Information given section start
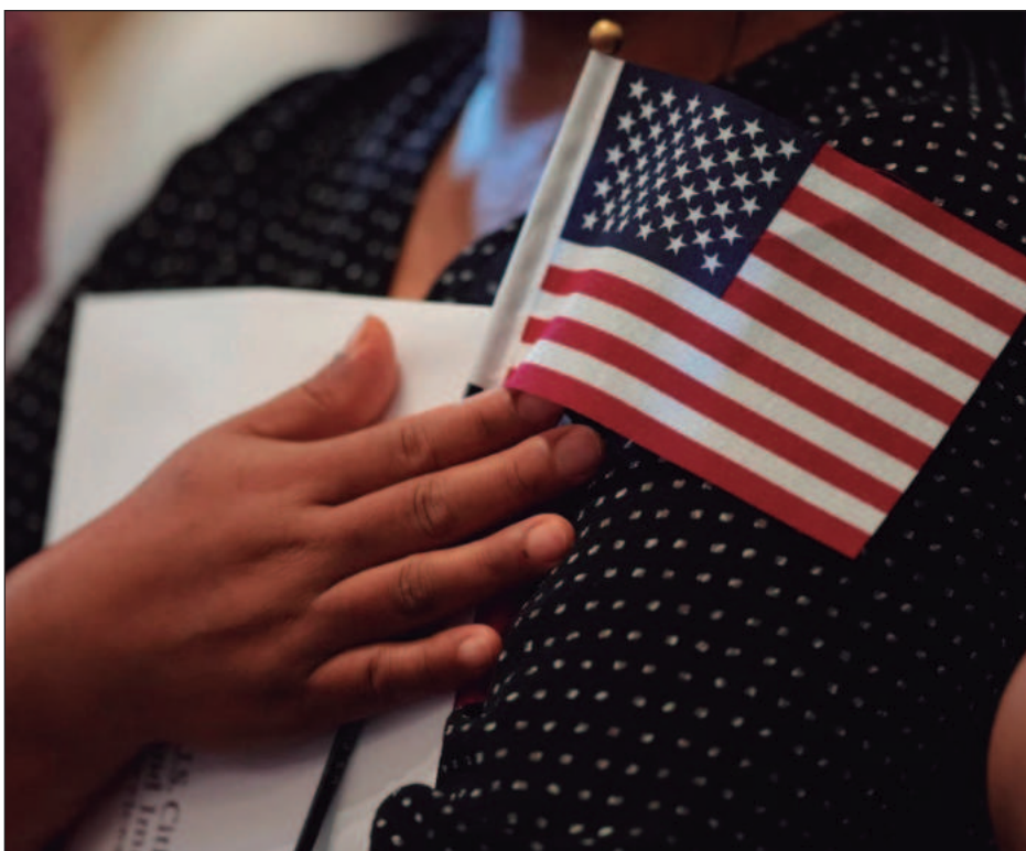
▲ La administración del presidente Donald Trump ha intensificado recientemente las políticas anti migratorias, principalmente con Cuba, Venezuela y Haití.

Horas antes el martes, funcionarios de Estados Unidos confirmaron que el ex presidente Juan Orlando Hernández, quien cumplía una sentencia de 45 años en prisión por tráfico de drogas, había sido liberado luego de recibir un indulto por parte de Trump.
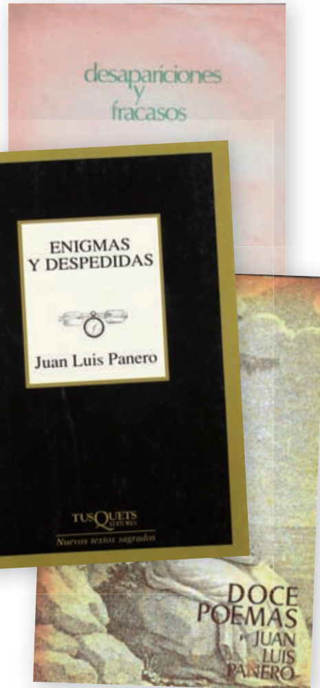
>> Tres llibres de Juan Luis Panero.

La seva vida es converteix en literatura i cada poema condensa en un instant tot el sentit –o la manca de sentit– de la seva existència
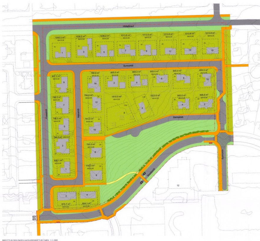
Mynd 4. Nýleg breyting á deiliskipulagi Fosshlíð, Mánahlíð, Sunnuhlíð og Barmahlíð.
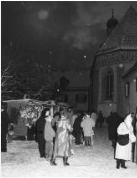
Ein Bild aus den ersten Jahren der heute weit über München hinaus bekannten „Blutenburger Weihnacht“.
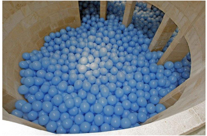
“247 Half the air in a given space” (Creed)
Information given section end
→ What you will do: The images are to be left out; every line above should be set down exactly.

→ Expected answer:
▲ La administración del presidente Donald Trump ha intensificado recientemente las políticas anti migratorias, principalmente con Cuba, Venezuela y Haití.

Horas antes el martes, funcionarios de Estados Unidos confirmaron que el ex presidente Juan Orlando Hernández, quien cumplía una sentencia de 45 años en prisión por tráfico de drogas, había sido liberado luego de recibir un indulto por parte de Trump.
>> Tres llibres de Juan Luis Panero.

La seva vida es converteix en literatura i cada poema condensa en un instant tot el sentit –o la manca de sentit– de la seva existència
Mynd 4. Nýleg breyting á deiliskipulagi Fosshlíð, Mánahlíð, Sunnuhlíð og Barmahlíð.
Ein Bild aus den ersten Jahren der heute weit über München hinaus bekannten „Blutenburger Weihnacht“.
“247 Half the air in a given space” (Creed)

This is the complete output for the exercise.